Take gold, for instance. In the past 24 hours alone, I’ve read recommendations to flee screaming as far away from gold and any gold-related products as fast as I can — and to buy it by the ton for a long-term investment, plus every variation of recommendation in between. Now, I may indeed buy a tiny bit of gold, in the form of personal jewelry, mostly, but that’s because I live in a country from which gold might allow me to exit in times of crises. A few ounces would suffice for that purpose. But that’s not a *financial* investment, per so, but, rather, an escape hatch. Beyond that purpose, I have no idea whether to not invest in gold, invest all I can, or something in between those two extremes.

About the only area that seems to be reasonably clear is in non-sexy commodities, such as coal (in which I have a small investment, despite my being somewhat green), potash, etc.

Applying all this to the point of this article, and I’m still left wondering, at least a little. It makes perfect sense . . . but is it possible that Americans, at least some in enough numbers to have an influence on future developments, have woke up and smelled the coffee?

Maybe the picture will be clearer once the dust settles from the election — though that won’t necessarily be November 3rd, as both parties are already lining up lawyers everywhere, set to challenge election results. It could be several months before we know everything (ie., who won a given election).

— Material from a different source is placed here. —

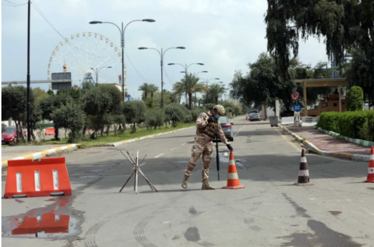 3月18日,在伊拉克巴格達,一名伊拉克安全人員走在空蕩的街頭。新華社發

Posted by MekhongKurt | Report as abusive
 

Jim’s analysis is great, but a complete diagnosis would need the help of a psychoanalist. The West is a collective addict whose drug is the bubble. Bubbles are beautiful and fascinating beyond words. As soon as one burts, the addict desperatly scrambles to find another, and get a new high. All the trauma that follows the popping of the last bubble really is nothing to take so seriously, it is just a hangover that will last until the addict gets his new hit and gets over it. This is a cycle for the cynical businessman, a real predictible mechanism that can harnest much wealth.

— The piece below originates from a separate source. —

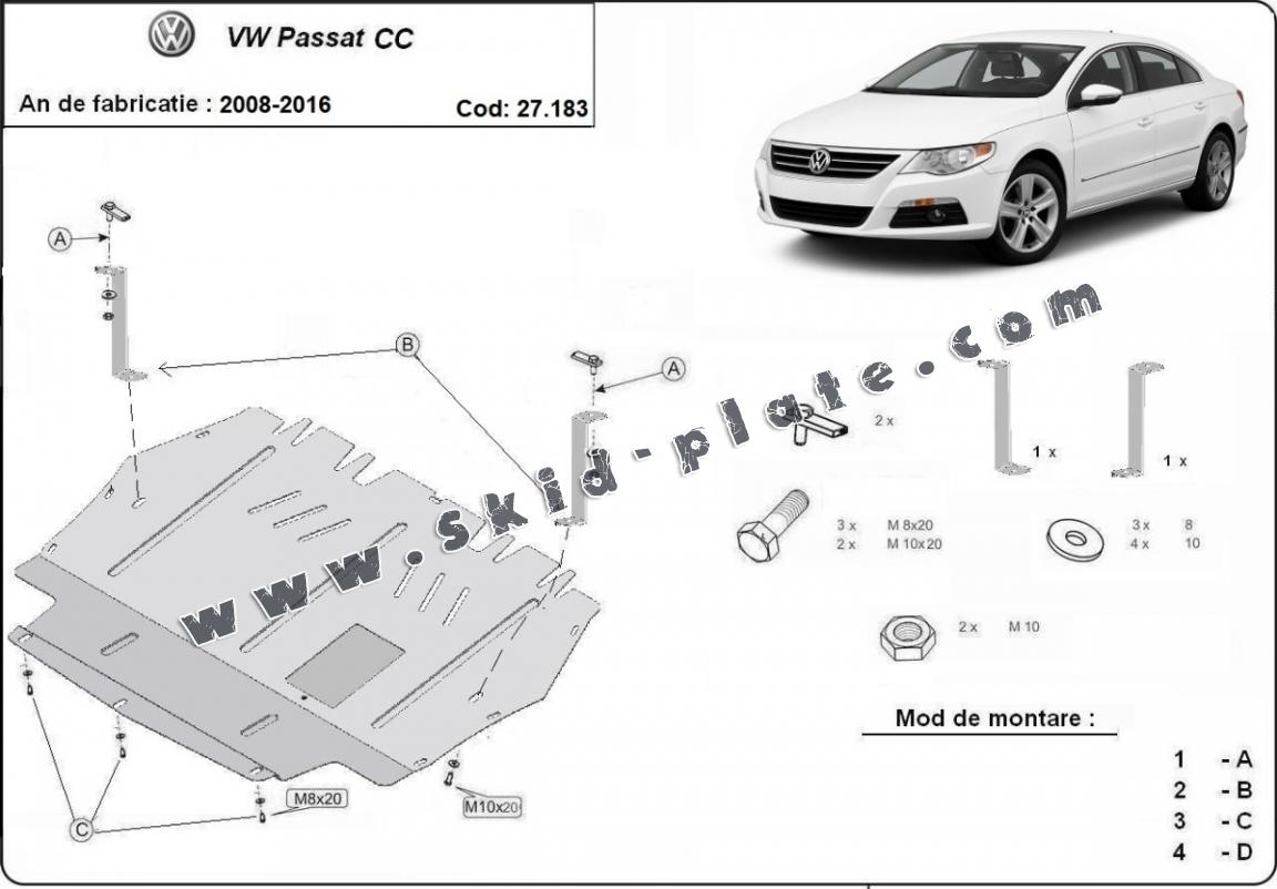 Skid plate for the protection of the: engine, gearbox, radiator, front bumper The skid plate is new and fits perfectly for the VW Passat CC, with the following engine/drive versions: 2.0 TFSI quattro,1.9-2.0,Tdi, - manufactured between 2008 and 2016. It has an opening for the oil sump, so it's removal won't be necessary to change the oil. Made out of 2 mm thick Steel plate. Screws, nuts, clips, all fastening accessories are included. All skid plates are powder coated to prevent corrosion. The exterior of the skid plate is provided with Steel reinforcements, which increases the resistance to impact. |

Posted by Neander | Report as abusive
 

Yes, but the problem with gold is that it’s easy to buy and not so easy to sell (at least at the headline price). And yes, there’s a rat and a trap and the majority of hardworking people are stuck in a hole beneath both the rat and the trap. Is this the democracy America and the west stands for? The democratic “system” needs to get the balance between the public needs and corporate needs in balance. They BOTH need to be represented by democratic governments, it’s gone the corporations way too long, and most of them will have figured out how to minimise their tax, and every job “off-shored” is a tax payer’s contribution to society eliminated (not to mention the shopping power evaporated).

Posted by Tiu | Report as abusive
 

It’s simple for me. Any paper wealth generated by QE will be immediately converted to physical assets in a foreign country. If that country has a relatively stable currency then some of it may go to financial assets. This also serves to protect me from the eventual depreciation of the USD due to QE, vis-a-vis foreign currencies. When the depreciation has run its course I liquidate those foreign assets and re-purchase here in the US.

I believe this strategy is already being carried out by the big money investors. Which is one of the reasons QE is failing in the industrialized nations.

Posted by DeadRed | Report as abusive
 

Gold is a commodity. unlike cars, bicycles and TV sets etc.
Beware loading up on useless assets.

Posted by Willem1 | Report as abusive
 

Moss_GR in answer to your question: usually addicts loose the ability to do anything other than continue to consume the product their addicted to… until it kills them or they go cold turkey.

Posted by Tiu | Report as abusive
 

and yes, it should have said “they’re addicted to”.

Posted by Tiu | Report as abusive
 

Everybody knows what the problem is but nobody knows how to solve it, with any degree of certainty. Pointing the finger of blame at one person or one party is futile. We just have to hope that our Federal Reserve and our Government does its best to stimulate the economy without unleasing inflation and without burdening future generations with excessive debt. Can any one claim how to do this with any degree of certainty?

Posted by g11427 | Report as abusive
 

It appears that most comments have come from America and yet we have gone through the same thing in the UK and appear to be following the same path forward with QE also. It seems that fiscal and monetary policies have been designed to create the maximum incentive to go into debt and push up asset prices along the way that let you go even more into debt. Living life prudently seems to be a losing strategy as you simply end up (via massive tax increases or zero returns on your savings) bailing out all those who went along for the ride. With each bubble bursting our policy makers create a larger one to bail us out. Given how big the previous one was I dread to think about how large the next one will be – the one we are in the process of creating now.

Posted by jde10 | Report as abusive
 

Well, I guess that “free market-global economy” thingey they preached about for so many years isn’t so “free” after all. Seems it won’t work without the “not so invisible hand” (a.k.a the fed) doing a few slight of hand tricks behind the scenes.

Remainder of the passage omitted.